Lunes, 22 de Octubre de 2007

Los resultados oficiales confirman el deseo de los polacos de una renovación política

EFE ·22/10/2007 - 13:15h

EFE - El líder de la Plataforma Cívica, Donald Tusk saluda a sus seguidores en la sede de su partido, en Varsovia (Polonia). EFE

Los resultados oficiales, que se espera se completen hoy, confirman que el pueblo polaco apuesta por la renovación política de su país de la mano del liberal Donald Tusk, tras los comicios legislativos de este domingo, en los que el actual primer ministro, Jaroslaw Kaczinski, resultó claramente derrotado.

Tusk, líder de Plataforma Ciudadana (PO) y futuro primer ministro, no logrará mayoría absoluta, pero contará con suficiente apoyo parlamentario para acabar con la era de los Kaczynski aunque uno de ellos, Lech, siga siendo presidente de la República.

Y esa era ha terminado porque de mantenerse la tendencia en el recuento de votos -falta por escrutar menos del 10 por ciento- el gobierno Tusk podrá formar alianzas parlamentarias y garantizarse el 75 por ciento del Semj (parlamento polaco), el mínimo necesario para neutralizar un posible veto presidencial a leyes aprobadas por mayoría simple.

El PO contará previsiblemente con el apoyo del Partido Campesino (PSL), con el que Tusk prevé trasladar a nivel nacional el modelo de coalición que ya llevan a cabo en varios municipios, y con la Alianza Izquierda Democrática (LID), la antípoda de los Kaczynski.

Eso deja sin margen de maniobra al hasta ahora gubernamental Ley y Justicia (PiS) de Jaroslaw Kaczynski, que ejercerá una oposición en solitario pues los conservadores y populistas de Autodefensa y de la Liga de las Familias Polacas no lograron superar la barrera del 5 por ciento de los votos que marca la ley para acceder al Semj.

Algunos comentaristas polacos destacaron hoy que la desaparición de esos partidos de la escena política es el "único gran favor" que Kaczynski hizo a los polacos, pues fueron el detonante del derrumbe de su gobierno y la gota que colmó el vaso de los electores polacos.

Eliminada la posibilidad de bloqueo presidencial, o de revancha fraternal, Tusk tendrá las manos libres para llevar a cabo el programa electoral que le llevó a la victoria y que se resume en menos política moral y más paz social y modernidad para Polonia.

Las señales de cambio han comenzado y no sólo se detecta en la euforia callejera, sino en la confirmación de que el nuevo gobierno, por ejemplo, firmará previsiblemente la Carta de Derechos Humanos de la Unión Europea (UE), lo que significa más igualdad y tolerancia.

Eso es lo que reclamaban muchos polacos, especialmente las organizaciones de mujeres que luchan por el derecho a una salud sexual y reproductiva y los comités de homosexuales, bestias negras de los hermanos Kaczynski.

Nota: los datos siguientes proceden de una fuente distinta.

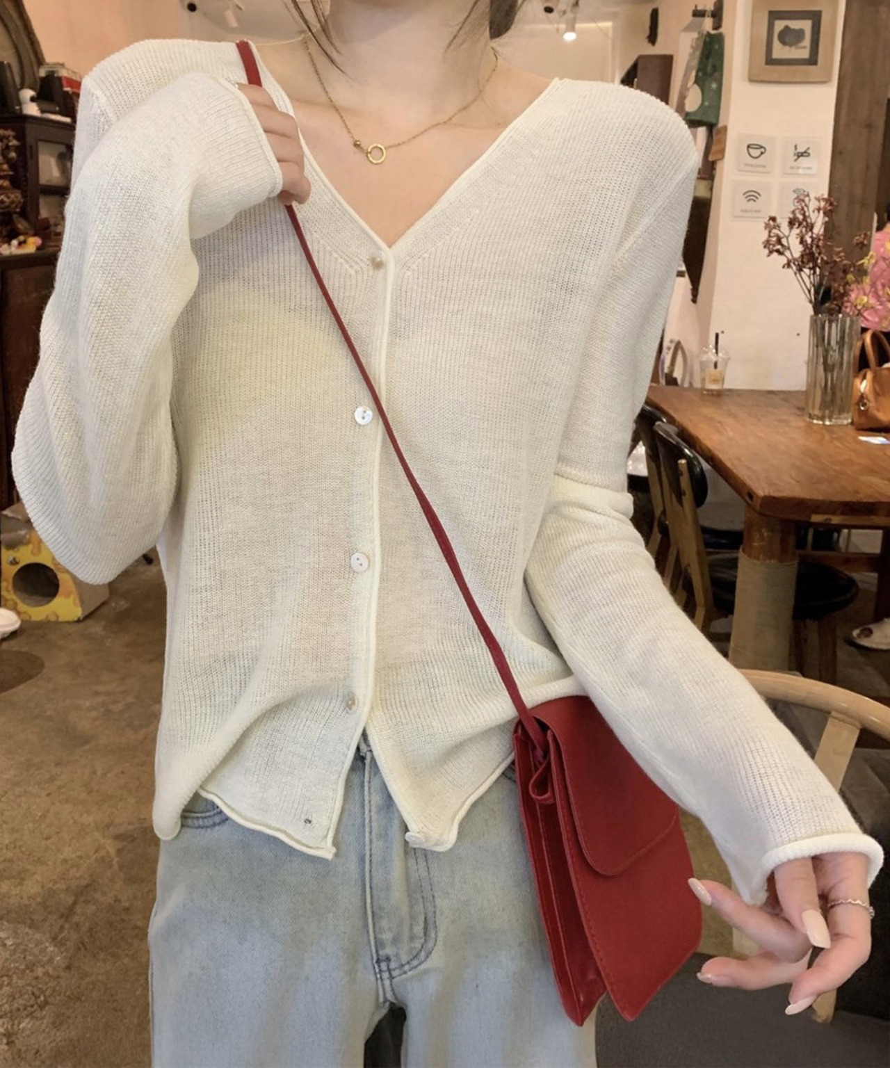 Vネックがデコルテをきれいに魅せ、大人らしい雰囲気に。

En política exterior, el triunfo de PO supondrá igualmente un cambio significativo de forma y de fondo, pues Tusk no sólo prometió mejorar la muy deteriorada imagen de Polonia y sus relaciones con la UE, Alemania y Rusia, sino también la retirada paulatina de tropas de Irak.

La retirada de Polonia, que cuenta en ese país con 900 soldados de elite, supondrá además una reestructuración de la operación militar en Irak, donde Polonia dirige una de las cuatro zonas de intervención fijadas por la OTAN.

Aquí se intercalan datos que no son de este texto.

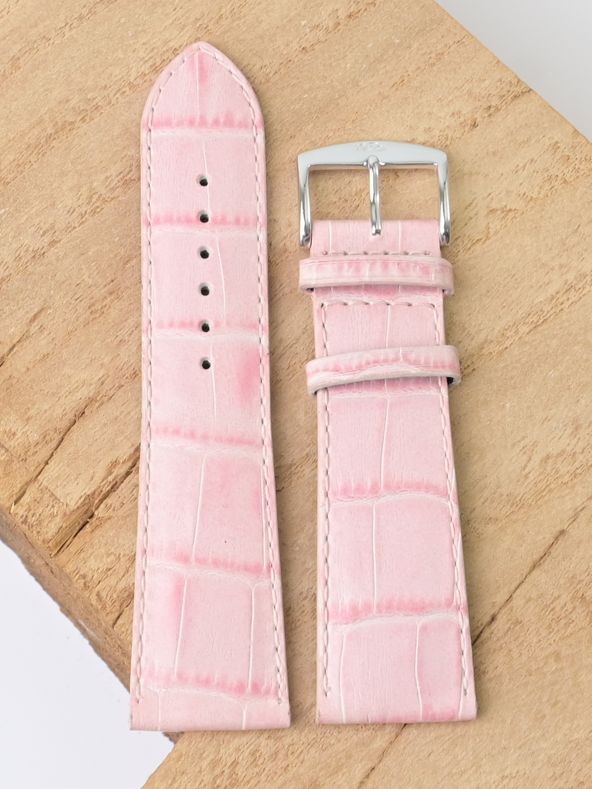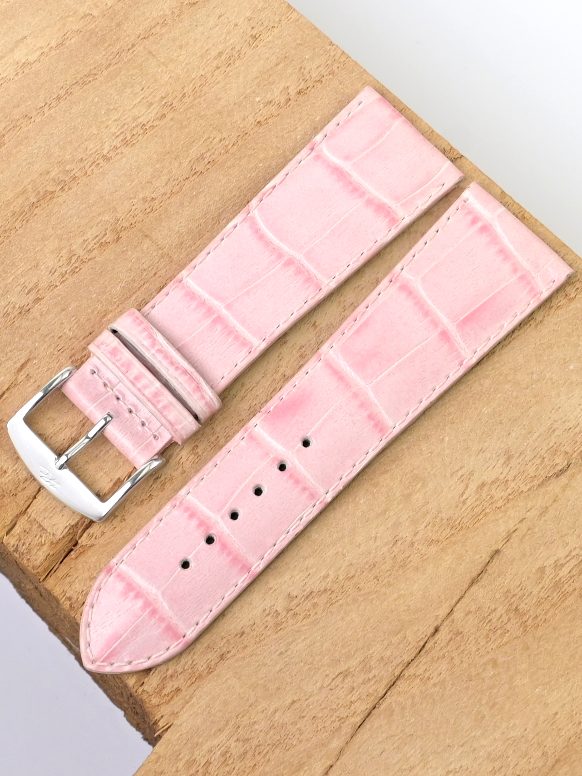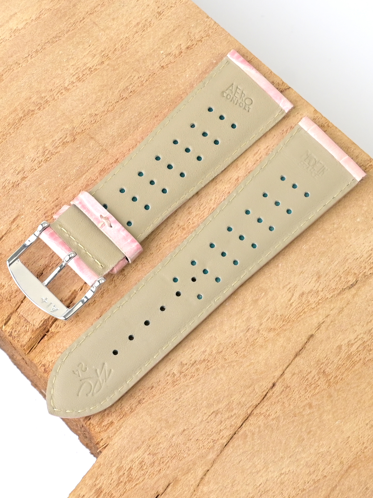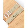 Ремешок из натуральной кожи для наручных часов. Ширина крепления: 24 мм. Ширина пряжки: 20 мм. Длина большей части: 110 мм. Длина меньшей части без застежки: 80 мм. Для более комфортного ношения внутренняя часть ремешка имеет перфорацию. Пряжка выполнена из алюминия.

Un gran interrogante todavía a despejar es el escudo antimisiles estadounidense que Kaczynski negociaba con Washington, pues Tusk no se posicionó con claridad al respecto, si bien en el PO hay un importante núcleo de poder contrario al proyecto.

Nuevos aires en suma para Polonia, que al ultracatólico "Nuestro periódico", rotativo del grupo mediático Radio María y único diario que lamenta abiertamente la derrota de Kaczinski, suponen entregar el poder "a los reincidentes de la izquierda".

Kaczynski, que contó durante la campaña electoral con el apoyo de ese grupo de medios de comunicación, opinó lo mismo, pues aunque tuvo el coraje de reconocer inmediatamente su derrota achacó la misma a la coalición formada en su contra "por la prensa y los asesinos de Jerry Popiekuszko", sacerdote muerto a manos de la policía comunista en los años ochenta por defender las libertades.